With statistics like these, we could say that we have all been exposed to violence somewhere and at some point in our lives – whether we’ve experienced it ourselves or someone close to us has. We see the consequences to exposure to violence all around us. Violence leads to more violence and our exposure to it impacts our health and the health of our loved ones. For example:

  • Women victimized by abuse are more likely to be diagnosed with serious health problems including depression, panic attacks, high risk behaviors such as tobacco and substance abuse and sexual risk taking, as well as migraines, chronic pain, arthritis, high blood pressure, gastrointestinal problems, inconsistent use of birth control, and delayed entry into prenatal care.

  • Pregnant women are frequent targets of abuse and, as a result, are placed at risk for low birth weight babies, pre-term labor — pregnant and parenting teens are especially vulnerable.

  • Abused children and those exposed to adult violence in their homes may have short and long term physical, emotional and learning problems, including: increased aggression, decreased responsiveness to adults, failure to thrive, posttraumatic stress disorder, depression, anxiety, hyper vigilance and hyperactivity, eating and sleeping problems, and developmental delays.

It’s one thing to know more about violence in our communities and in our country – and another to be able to do something about it. When I stop and think – Ok, how, then, do we stop violence? – I get stuck. It’s such a BIG issue and incredibly complex. But it seems a few groups of people have some ideas. Here are a few ideas from the Coalition to End Violence Against Women in Sudbury, Canada:

  1. Recognize that it’s a men’s issue: Violence against women is not just a woman’s issue, it’s also a men’s issue that involves men of all ages, socioeconomic, racial and ethnic backgrounds.
  2. Break the silence: When you are ready, tell others your stories about survival; this can help others share their stories thus reducing the shame associated with abuse.
  3. Listen to women: When a woman discloses about violence in her life, listen and believe her.Futures_Share_Graphic_650px-1
  4. Heal the violence in your own life: Many of us are survivors of abuse in some way and many of us fear becoming a victim of violence.  If you are emotionally, psychologically, physically or sexually abused, get help. Get counselling or join a support groupIf you are abusive to women, in any way, get help now.
  5. Make violence your business: Some of us tend to have this belief that violence is a private thing and we should not be asking questions about other people’s business or relationships – especially when there is trouble. If you suspect violence in a home or if someone is being abused, ask them. Looking the other way will not help end violence against women. They may not tell you right away but your concern may show them you are someone they can trust. If you need extra support in support someone who is being abused, call your local women’s shelter or crisis line.
  6. Raise non-violent children: Talk to your children about abuse and violence. Help them find non-violent ways to solve conflicts and encourage co-operative and non-violent play. Don’t use violence as punishments.
  7. Support initiatives that promote women’s equality: Women make up the majority of victims of abuse. Get involved in your community’s rallies or awareness campaigns on ending violence. Help raise money so we can continue to our prevention work or volunteer in an organization working to end violence against women.
  8. Challenge sexism: Media often portray women as sexual objects and often use images of violence against women to sell products.  Websites, music, movies, even books often describe and portray women in a sexual degrading or abusive manner. This is not OK. Challenge those statements by talking about the realities of women. Challenge gender roles.
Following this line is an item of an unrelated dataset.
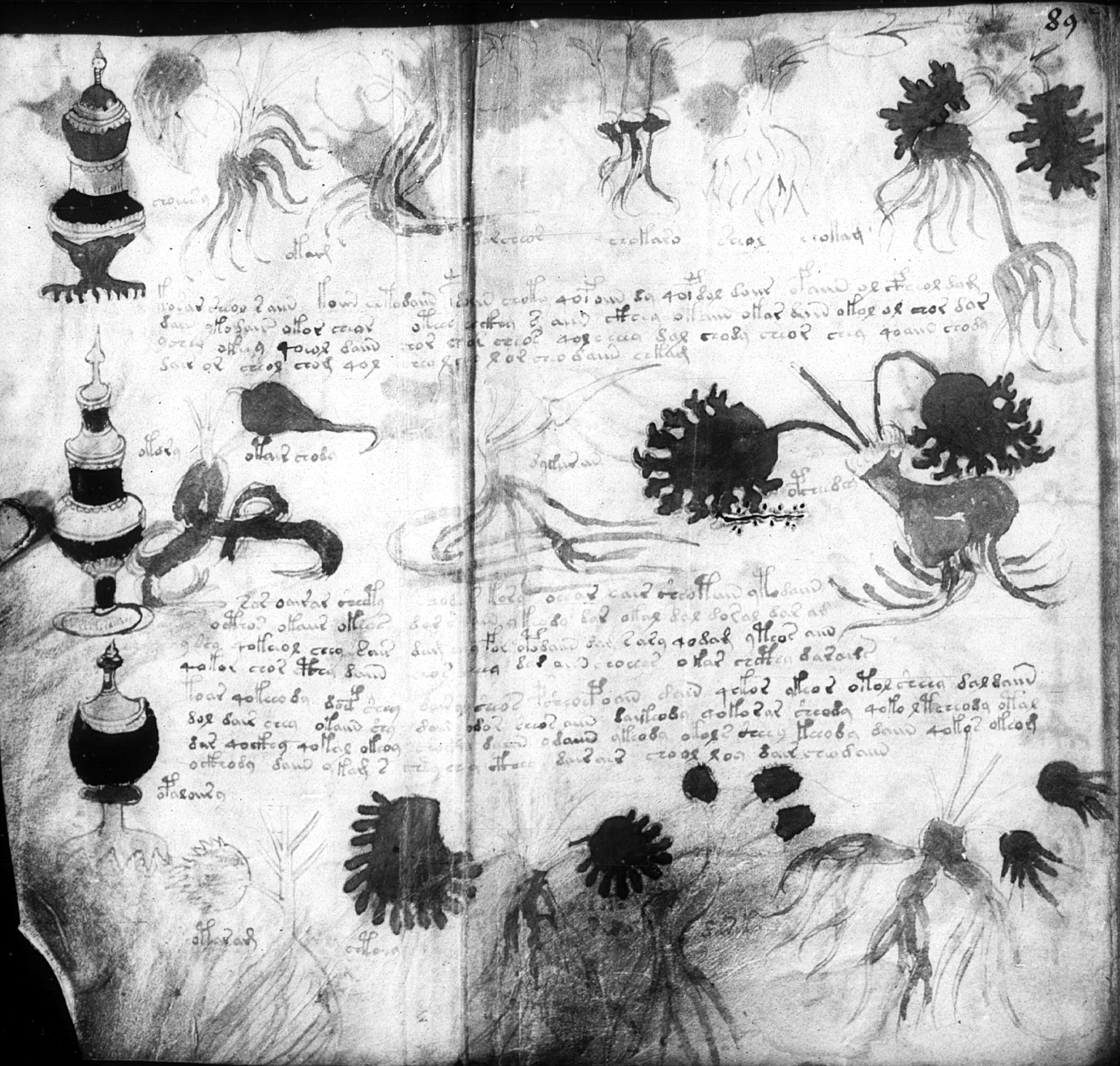 f89v2) of a six-panel fold-out. Panel f89v3 has half-width. The

Next week is the YWCA’s Week without Violence – a signature initiative created by YWCA USA nearly 20 years ago to mobilize people in communities across the United States to take action against all forms of violence, wherever it occurs. What will you do to take a stand, interrupt violence, and promote peace, health and wellness? What will you do to get involved?

Hate begets hate; violence begets violence; toughness begets a greater toughness. We must meet the forces of hate with the power of love.

Martin Luther King, Jr.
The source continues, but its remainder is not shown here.